The ultrastructure of hepatocytes that treated with ACR showed reduced size mitochondria and vacuoles in rough endoplasmic reticulum in a dose-dependent manner. Moreover, the appearance of severe haemorrhage, which is a real indication of damaging effect induced by ACR. Furthermore, the changes in the mitochondria could be taken as an early sign of apoptosis; this observation could be secondary to the elevation of LPO. The reduction of total protein could be attributed to the damage of the endoplasmic reticulum, which results in P450 cytochrome enzymes loss leading to depletion in protein and aggregation of triglycerides leading to the fatty liver45. The LY and/or RR with ACR reinforced the synthesis of TP which protect the hepatocytes and indicates the hepatoprotective activity of either LY and/or RR.

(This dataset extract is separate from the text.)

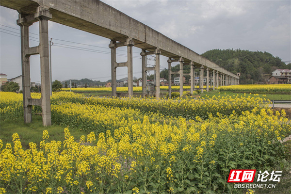 3月10日,天气晴好,我骑行电驴绕渣江镇、石狮镇、方大屋、盐田桥、高真村、花江村巡游,下午沿着在山区蜿蜒的045县道走到盐田桥村时,一架“天桥”横卧大山之间,这是灌溉水渠,从左侧往右边望去,像一条气势恢宏的巨龙,横卧大山之间,水渠下黄花遍野,不远处还有老农挥鞭赶牛犁田,这可是回老家多年不见的春耕景象啊,我情不自禁地停车拍摄,留下这珍贵的镜头。

These biochemical changes were supported by the current histological observations that go in line with previous studies on the hepatotoxic effect of ACR 36. The inflammatory response may be due to the increasing the production of ROS in the liver.

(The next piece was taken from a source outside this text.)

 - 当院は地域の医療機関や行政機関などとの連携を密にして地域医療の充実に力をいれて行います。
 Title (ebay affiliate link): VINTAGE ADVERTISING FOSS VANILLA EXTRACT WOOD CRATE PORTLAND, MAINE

Lycopene (LY), a bioactive compound, is a fat soluble naturally carotenoid pigment that is abundant in red foods such as tomato, pink grape fruit and watermelon. The structure of LYC (C40H56) is an acyclic isomer of b-carotene with a 40 carbon polyisoprenoid chain and 13 conjugated double bond structure46.

The LY is one of the most effective antioxidants in the carotenoid family and its activity against biological reactive oxygen species may prevent or ameliorate oxidative damage to cells and tissues both in vivo and in vitro and LY has been shown to have the ability to reduce the risk of cancers, such as breast, prostate and gastric cancer10.

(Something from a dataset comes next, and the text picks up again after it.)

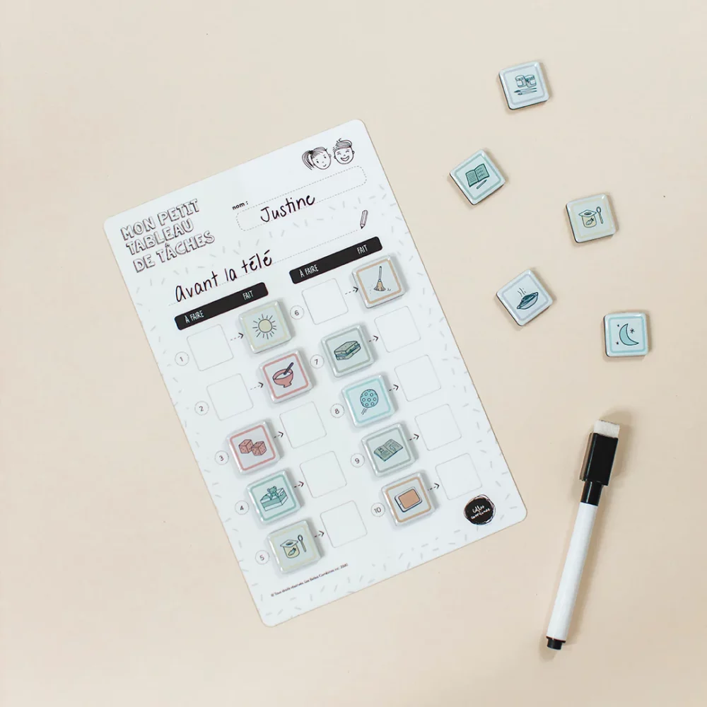 Un tableau magnétique évolutif et polyvalent qui vous permet de mettre en place une routine quotidienne ou de planifier une liste de tâches à effectuer pour votre enfant.

The significant elevations of ALT, AST, LDH and ALP in ACP groups were decreased in treated group with LY and ACR. The reversal of increased serum enzymes in ACR induced liver damage by LY may be due to the obstruction of the infiltration of enzymes by membrane stabilizing34.

Red Raspberries are receiving highly interest as a healthy functional food, because their regular consumption has been reported to decrease the risk of chronic diseases47. The nutritional and health benefits of red raspberries are usually attributed to their chemical composition. Fruits contain a wide range of phytochemicals including anthocyanins and other flavonoids, flavonols, tannins and phenolic acids.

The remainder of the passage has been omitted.